■ EXERCISE AIM:
Output exactly the lines of the listing below that run from the line with "Integroitu kahva, tyylikäs" through the line with "發(fā)證機(jī)關(guān):廈門市思明區(qū)衛(wèi)生健康局". No pictures.

■ SUPPLIED DATA:
◆ ◆ ◆ ◆
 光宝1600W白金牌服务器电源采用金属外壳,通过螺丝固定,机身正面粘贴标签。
◆ ◆ ◆ ◆
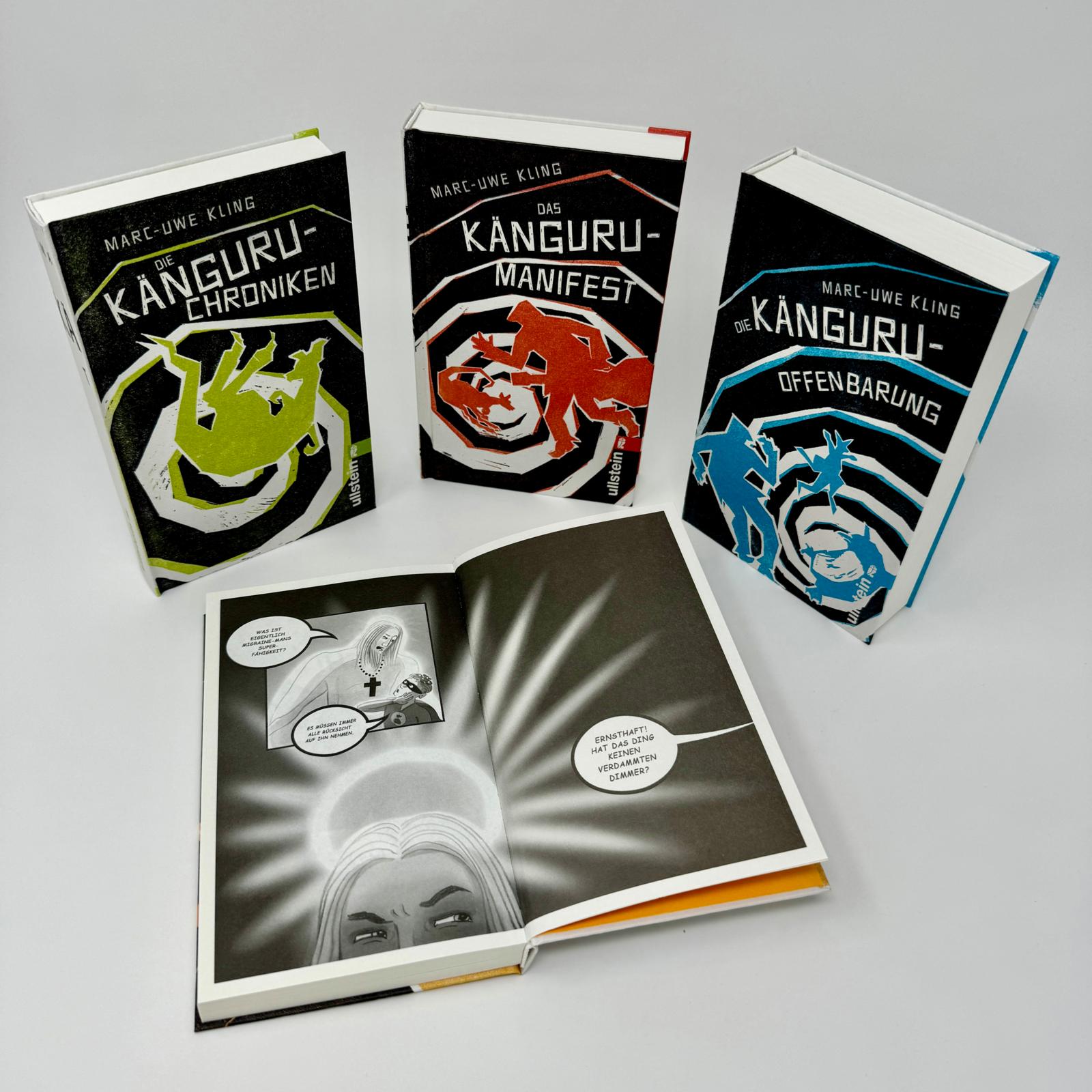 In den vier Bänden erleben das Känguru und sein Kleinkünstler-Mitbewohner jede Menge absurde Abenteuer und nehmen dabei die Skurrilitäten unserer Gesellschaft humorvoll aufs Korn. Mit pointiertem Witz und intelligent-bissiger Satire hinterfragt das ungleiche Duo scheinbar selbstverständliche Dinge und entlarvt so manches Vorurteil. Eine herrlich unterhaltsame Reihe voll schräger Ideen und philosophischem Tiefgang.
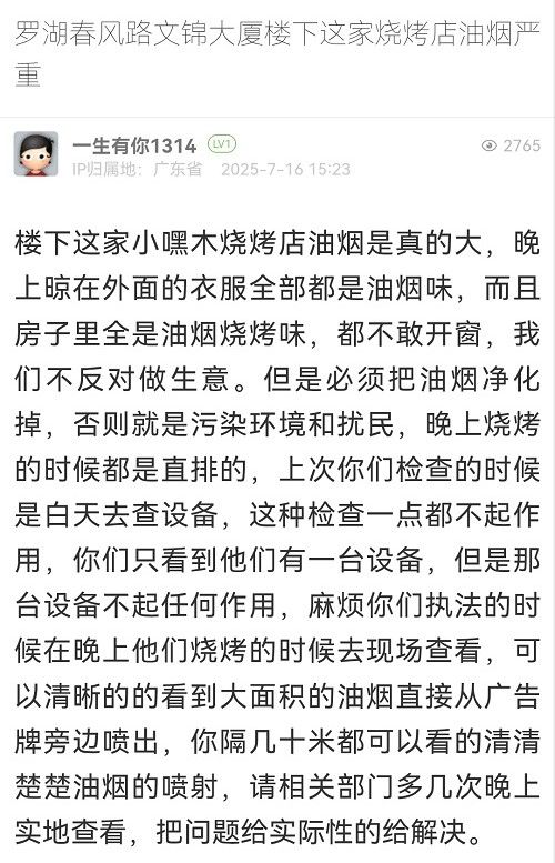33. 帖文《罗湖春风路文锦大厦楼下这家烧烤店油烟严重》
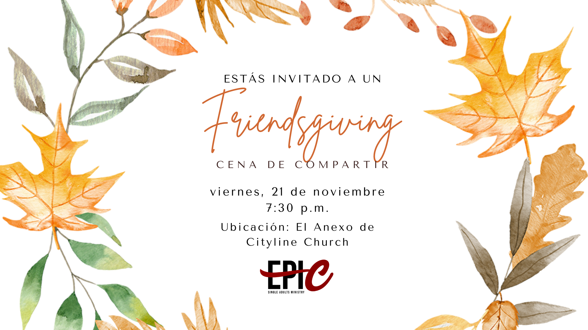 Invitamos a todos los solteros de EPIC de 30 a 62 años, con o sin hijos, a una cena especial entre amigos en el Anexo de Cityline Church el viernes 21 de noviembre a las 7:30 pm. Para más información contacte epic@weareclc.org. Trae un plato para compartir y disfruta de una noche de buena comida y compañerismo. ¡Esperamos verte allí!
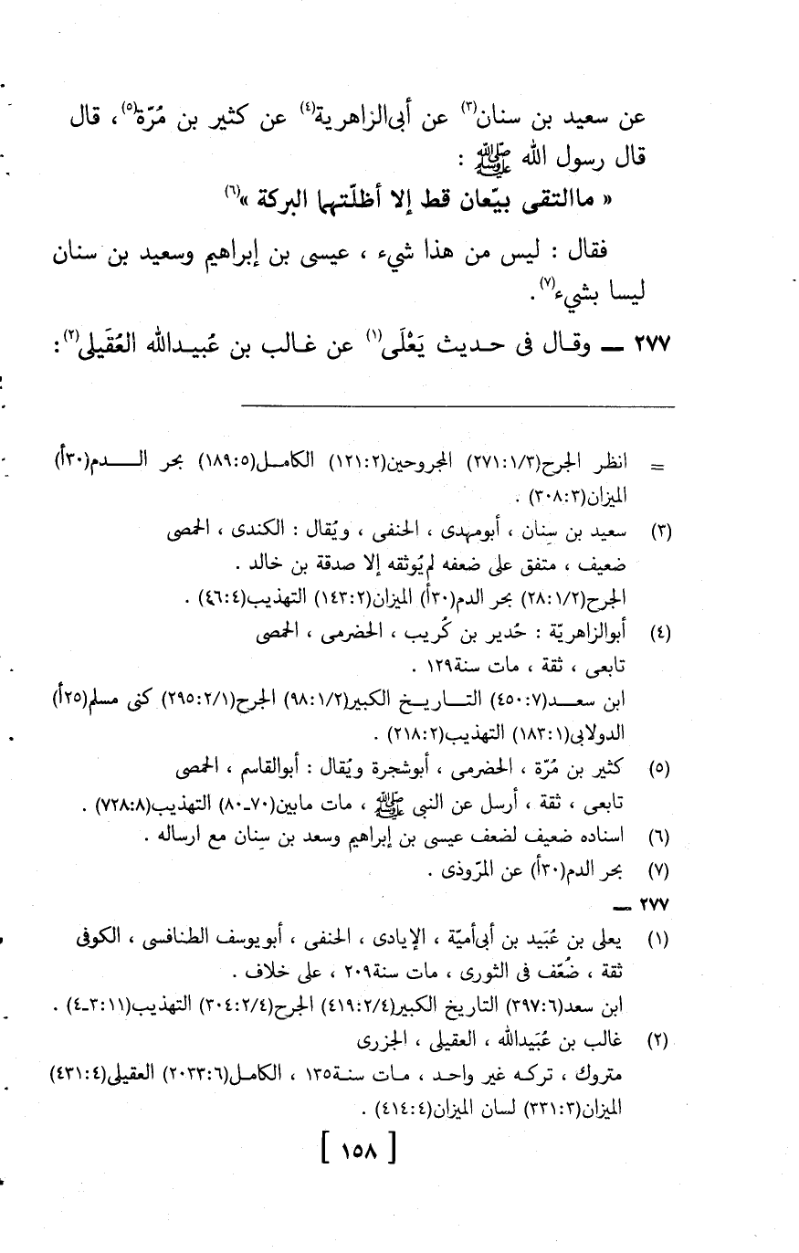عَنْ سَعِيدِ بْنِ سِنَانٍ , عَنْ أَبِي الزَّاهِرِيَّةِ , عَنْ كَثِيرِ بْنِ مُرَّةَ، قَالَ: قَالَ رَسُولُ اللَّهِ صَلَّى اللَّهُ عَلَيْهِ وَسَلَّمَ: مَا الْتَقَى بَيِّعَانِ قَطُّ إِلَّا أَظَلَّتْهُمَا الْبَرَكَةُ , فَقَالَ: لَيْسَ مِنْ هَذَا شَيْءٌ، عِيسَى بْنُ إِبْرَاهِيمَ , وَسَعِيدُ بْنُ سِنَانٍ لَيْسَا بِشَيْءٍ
◆ ◆ ◆ ◆
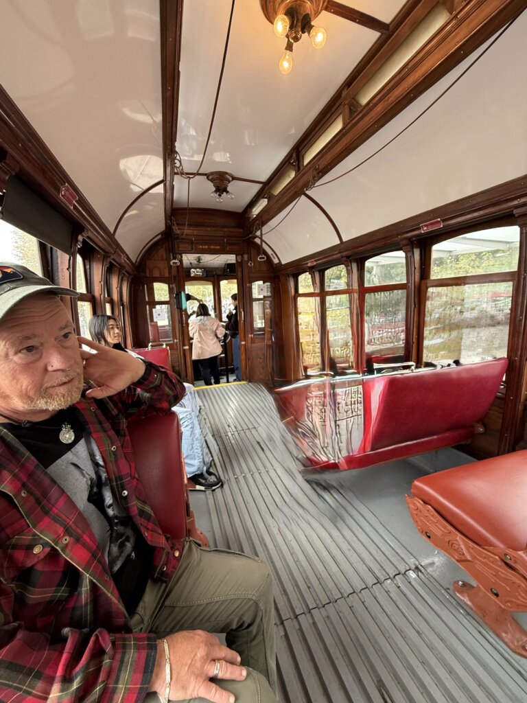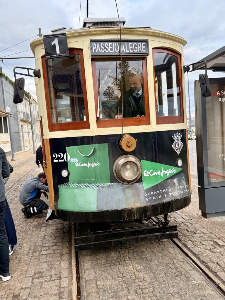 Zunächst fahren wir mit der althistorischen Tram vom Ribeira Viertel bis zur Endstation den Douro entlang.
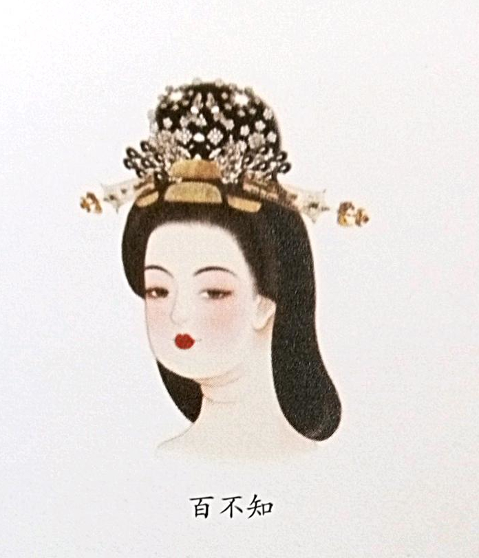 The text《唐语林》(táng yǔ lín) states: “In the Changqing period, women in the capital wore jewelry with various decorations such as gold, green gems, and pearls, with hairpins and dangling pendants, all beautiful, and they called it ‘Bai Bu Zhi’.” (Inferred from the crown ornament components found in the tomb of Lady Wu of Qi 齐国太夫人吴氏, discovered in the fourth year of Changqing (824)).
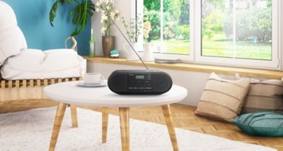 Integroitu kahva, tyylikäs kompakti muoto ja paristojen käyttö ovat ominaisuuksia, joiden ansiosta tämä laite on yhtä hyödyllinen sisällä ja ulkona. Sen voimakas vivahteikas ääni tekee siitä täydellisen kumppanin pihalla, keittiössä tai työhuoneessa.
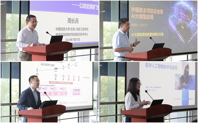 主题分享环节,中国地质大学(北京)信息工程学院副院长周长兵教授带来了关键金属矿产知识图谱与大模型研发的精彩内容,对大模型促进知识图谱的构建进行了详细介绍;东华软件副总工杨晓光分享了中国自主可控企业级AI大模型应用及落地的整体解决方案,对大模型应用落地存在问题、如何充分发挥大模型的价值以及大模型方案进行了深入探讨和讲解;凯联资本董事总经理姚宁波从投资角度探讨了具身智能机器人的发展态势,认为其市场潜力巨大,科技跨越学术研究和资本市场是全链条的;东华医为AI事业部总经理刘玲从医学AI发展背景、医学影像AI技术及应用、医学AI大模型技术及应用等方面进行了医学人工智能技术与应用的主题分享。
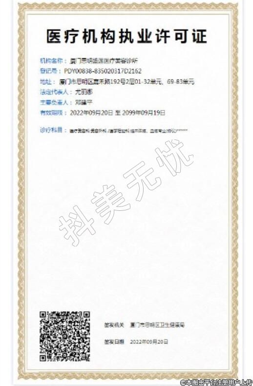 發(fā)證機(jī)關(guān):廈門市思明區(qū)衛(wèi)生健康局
◆ ◆ ◆ ◆
■ RESULT OF THIS TASK:
 Integroitu kahva, tyylikäs kompakti muoto ja paristojen käyttö ovat ominaisuuksia, joiden ansiosta tämä laite on yhtä hyödyllinen sisällä ja ulkona. Sen voimakas vivahteikas ääni tekee siitä täydellisen kumppanin pihalla, keittiössä tai työhuoneessa.
 主题分享环节,中国地质大学(北京)信息工程学院副院长周长兵教授带来了关键金属矿产知识图谱与大模型研发的精彩内容,对大模型促进知识图谱的构建进行了详细介绍;东华软件副总工杨晓光分享了中国自主可控企业级AI大模型应用及落地的整体解决方案,对大模型应用落地存在问题、如何充分发挥大模型的价值以及大模型方案进行了深入探讨和讲解;凯联资本董事总经理姚宁波从投资角度探讨了具身智能机器人的发展态势,认为其市场潜力巨大,科技跨越学术研究和资本市场是全链条的;东华医为AI事业部总经理刘玲从医学AI发展背景、医学影像AI技术及应用、医学AI大模型技术及应用等方面进行了医学人工智能技术与应用的主题分享。
 發(fā)證機(jī)關(guān):廈門市思明區(qū)衛(wèi)生健康局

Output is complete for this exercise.